As we mentioned, vertically opposite angles are two angles formed by the convergence of two straight lines. These angles opposite each other fulfill the vertical angle theorem.

However, vertically opposite angles are no way next to each other. Adjacent angles are two angles that share a common side and a common vertex. Vertically opposite angles never share a side. When angles share a side, these adjacent angles could be complementary or supplementary.

In the case of complementary angles, the sum of two adjacent angles will add up to 90°. Supplementary angles are adjacent angles which will add up to equal 180°, which we just used to prove the vertical angle theorem.

These theories are applicable within the vertical angle theorem and vertically opposite angles since supplementary and complementary angles do not fulfill the properties of vertically opposite angles.

There are various properties of vertically opposite angles. But, chances are that you will only require these two to nail your test.

  1. Vertically opposite angles are always congruent. Therefore, if angles A and B are vertically opposite, they will measure the same.

  2. Vertically opposite angles are at no time adjacent. They can share, at most, a vertex.

Where Can You Locate Opposite Angles in Real-World Situations?

You may think where you can find these concepts in the real life, and you'd be amazed to notice that vertically opposite angles are fairly common! You can find them in several everyday things and situations.

For instance, vertically opposite angles are created when two straight lines cross. Inside your room, the door attached to the door frame produces vertically opposite angles with the wall.

Open a pair of scissors to create two intersecting lines and alter the size of the angles. Track junctions are also a great example of vertically opposite angles.

Finally, vertically opposite angles are also present in nature. If you look at a tree, the vertically opposite angles are made by the trunk and the branches.

Be sure to observe your environment, as you will detect an example next to you.

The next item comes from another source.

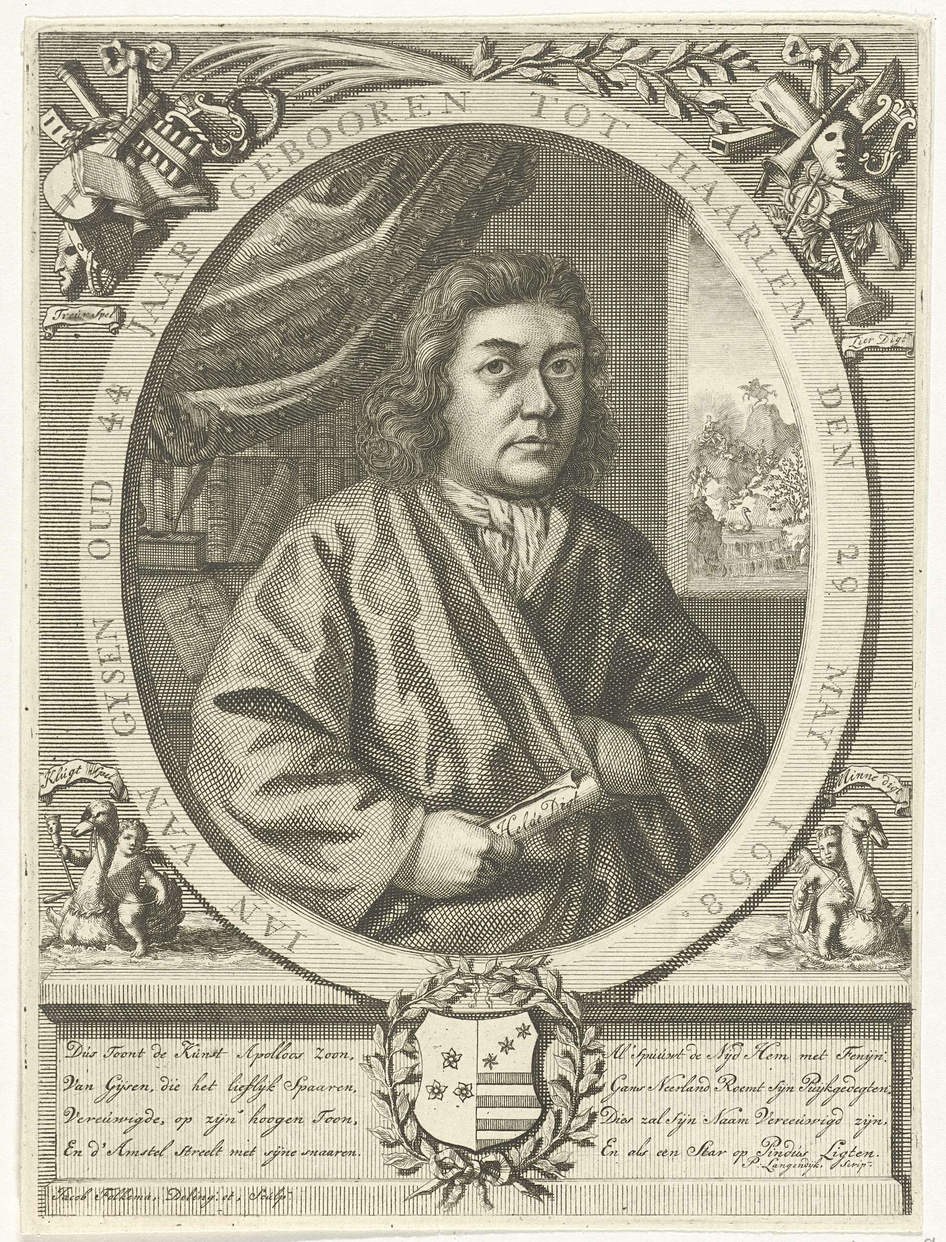 Portret ten halven lijve naar rechts van dichter Jan van Gijsen, blootshoofds. In zijn hand houdt Gijsen een rol papier vast waarop "Helde Digt" staat geschreven. Om het ovaal staat een randschrift, onder het portret is op een sokkel een wapenschild afgebeeld met links en rechts hiervan een tekst in het Nederlands. In de bovenhoeken ...

PuttingEverything Together

So, to summarize what we have talked about, vertically opposite angles are created from two overlapping lines. The two angles that are not next to each other have the same measure.

The vertical angle theorem states that whenever two intersecting straight lines, the angles made are vertically opposite and congruent. This theorem can be proven by drawing a straight line and another line overlapping it and using the concepts of congruent angles to finish measures.

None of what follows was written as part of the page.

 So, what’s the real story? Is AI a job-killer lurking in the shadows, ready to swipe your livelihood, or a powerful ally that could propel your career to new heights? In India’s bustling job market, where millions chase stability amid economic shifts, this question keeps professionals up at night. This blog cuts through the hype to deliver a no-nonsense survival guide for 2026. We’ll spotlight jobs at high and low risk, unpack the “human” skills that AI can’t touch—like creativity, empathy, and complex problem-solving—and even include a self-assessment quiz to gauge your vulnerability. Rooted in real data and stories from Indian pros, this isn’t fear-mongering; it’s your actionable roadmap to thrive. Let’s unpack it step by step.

Congruent angles means two angles that measure the same.

When two angles share a side and a vertex, they can’t be vertically opposite. Nevertheless, they are complementary if the addition of these angles equals 90°. If the addition of both angles totals 180°, they are assumed to be supplementary.

The sum of adjacent angles is consistently 180°. Therefore, if angles B and C are adjacent angles, they will always equal 180°.

Vertically opposite angles are very common! You can locate them in several daily objects and scenarios, such as paintings, doors, windows, and trees.

Further Study

Search for a vertically opposite angles worksheet online for examples and problems to practice. Math is not a spectator sport; keep practicing until these concepts are rooted in your head.

Despite that, there is no problem if you require additional help. If you're struggling to understand vertical angles (or any other ideas of geometry), think about enrolling for a tutoring session with Grade Potential. One of our expert instructor can guide you grasp the material and nail your following test.